An introduction to metrics and their use
Since the start of the twentieth century metrics have become an increasingly important part of both journal publishing and researcher evaluation. This is the first in a short series of posts on metrics, giving an overview of what they measure, why we use them, and some of their issues. I am addressing the metrics in order of age, starting with citations; future posts will discuss usage, article level metrics, and altmetrics.
Historically citation metrics have been the standard, and only, tool available to systematically evaluate journals and articles. This started in the 1960s when Dr. Eugene Garfield founded the Institute for Scientific Information (ISI) by using computers to create the first systematic, multilingual, and multidisciplinary abstracting database. However, citation metrics really came to the fore in the 1970s when the Impact Factor was published as part of the Journal Citation Reports® (JCR). The Impact Factor was initially designed to be used by librarians as an aid to collection management, but over time it has become a proxy value for journal quality.
Conceptually, the Impact Factor is a very simple metric - the average number of citations received by articles in a journal within a timeframe. In more detail, the formula used to calculate the Impact Factor is:
Number of citations received in 2012 to 2010 and 2011 content
Number of articles and reviews published in 2010 and 2011
This simplicity creates a range of issues around the Impact Factor, and I will touch on three of the most important.
Distribution of citations
The Impact Factor is an arithmetic mean and does not adjust for the distribution of citations to articles. One highly cited article can have a major positive effect on the Impact Factor. The most extreme example of this relates to the article “A short history of Shelx,” published in Acta Crystallographica Section A in 2008 which to date has been cited more than 33,000 times. The 2008 Impact Factor of 2.051 did not include citations to this article, whereas citations to the article were included in the 2009 Impact Factor, causing it to rise to 49.926, the second highest in the entire JCR for that year; similarly the 2010 Impact Factor was 54.333. This article was no longer included after this and the 2011 Impact Factor dropped to 2.076. Even in a large, high-prestige journal such as Nature, the top 1% of articles accounted for 6.5% of the citations in the 2012 Impact Factor calculation.

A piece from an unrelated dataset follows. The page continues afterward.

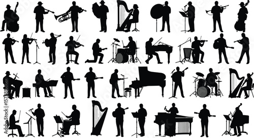 Musicians silhouette performing with diverse instruments, cad drawing flat vector illustration, concert ensemble layout, artistic sketch music band concept

Source vs. non-source items
The methodology used by Thomson Reuters to compile the JCR and Impact Factors was created in the 1970s and the JCR only analyzes citations for journal, year, and volume and the phrase “in print”; no other information is used. This means that the JCR cannot distinguish between citations to articles, reviews, or editorials. So that the Impact Factor doesn’t penalize journals for publishing content such as book reviews, editorials, and news items, which are infrequently cited, these article types are not counted in the denominator of the Impact Factor, but citations to this content are still counted.
There are two issues stemming from this. Firstly, the classification of content is subjective; not every journal has the same content treated the same way and, although Thomson Reuters provides guidance on how they decide what counts, content such as extended abstracts and author commentaries fall into a gray area. Secondly, these free articles are cited so they inflate the Impact Factor without any offset in the denominator of the equation.

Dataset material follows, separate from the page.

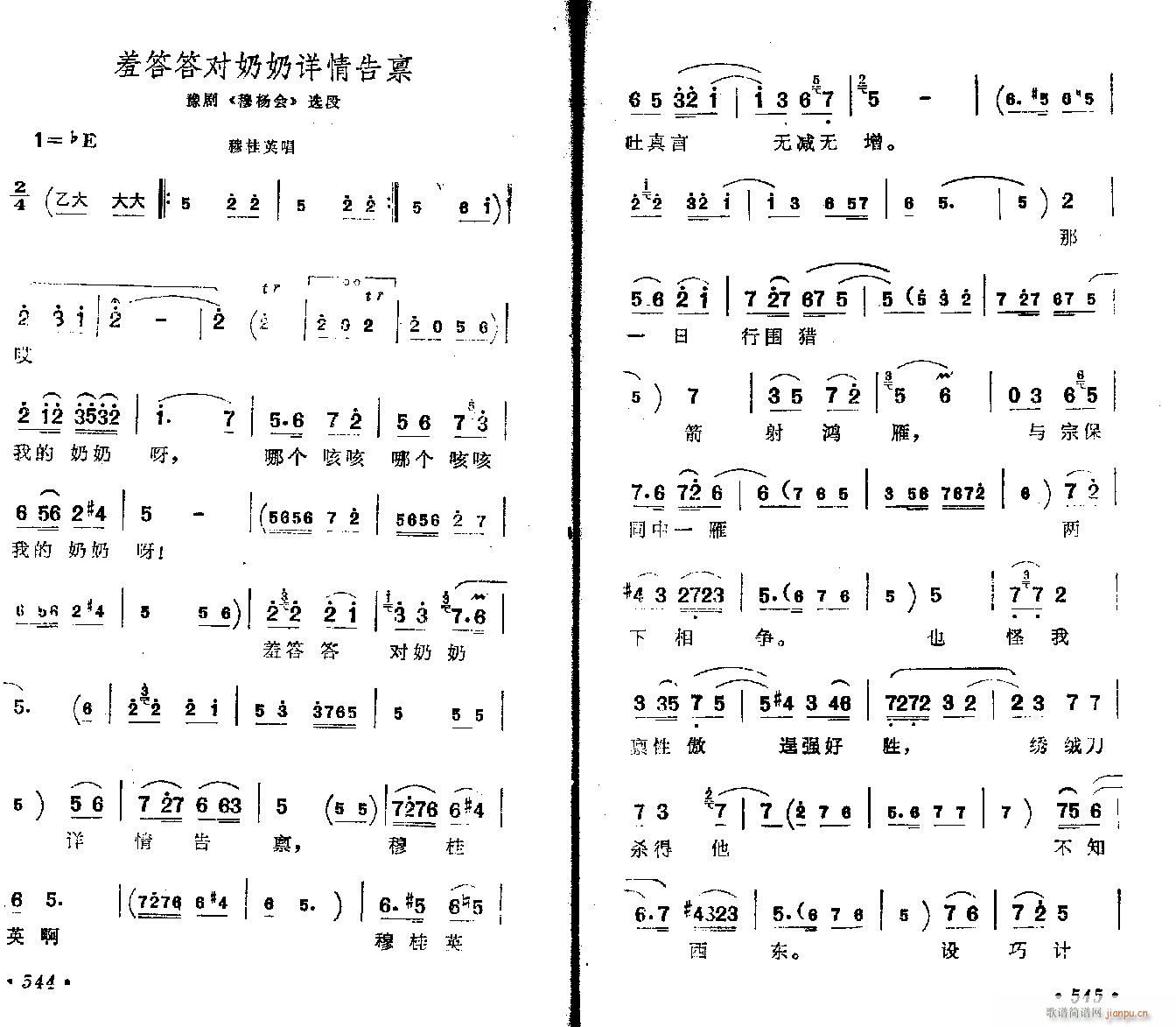 [豫剧曲谱]羞答答对奶奶详情告禀-豫剧

Subject areas and research type
Different subject areas have very different citation patterns which are reflected in their Impact Factors. The aggregate Impact Factor of the cell biology category in the 2012 JCR was 5.734, for internal & general medicine it was 3.839, and for mathematics it was 0.716. In the social sciences several psychology categories have aggregate Impact Factors higher than 2, compared to history’s aggregate Impact Factor of 0.344.

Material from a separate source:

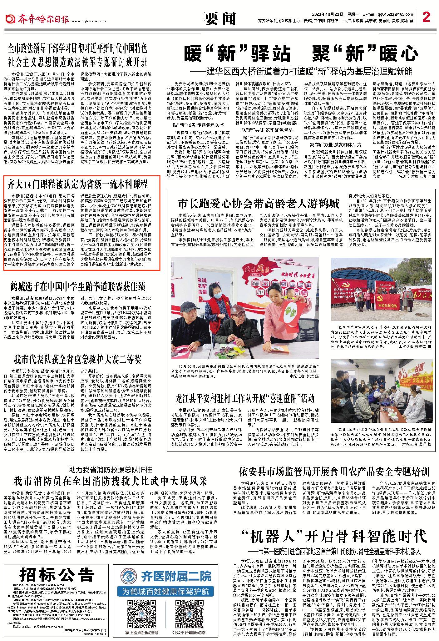 【鹤城晚报】齐大14门课程被认定为省级一流本科课程

This does not mean that cell biology research is better than medicine or history, but is merely a reflection of the differing citation patterns, database coverage and dominance of journals between the disciplines. Differences in Impact Factor also exist between basic, applied, practitioner, and educational journals. For more details on these issues please see Jo Cross’s “Impact Factors back to basics” Editors’ Bulletin article.
Partly because of some of these issues, a large number of other journal-based metrics have been created, based either on the Web of Science or the Scopus databases. The details of the JCR-based metrics have been covered in “Citations and the Impact Factor” and Source Normalized Impact per Paper (SNIPs) in “Are Impact Factors facing the SNIP?”
Table 1 Correlation coefficients of various metrics. 2012 JCR compared against 2012 SJR and 2012 SNIP
Table 1 shows the correlation coefficients of seven journal-level metrics based either on the Web of Science or Scopus. A score of 1 means that they follow exactly the same order; a score of zero means there is no correlation. The metrics fall into three groups: total cites and Eigenfactor, which are not adjusted for journal size; Impact Factor, 5-year Impact Factor, Article Influence Score and SJR which are adjusted for journal size; and finally, the SNIP, which is loosely correlated with the others.
This means that if a journal has a high Impact Factor it is likely to perform well by the related metrics; likewise if a journal has a high total citation count it is likely to do well using the Eigenfactor. These extra journal-level citation metrics do not provide very much extra information, they just give another chance for each journal to claim to be top in its subject.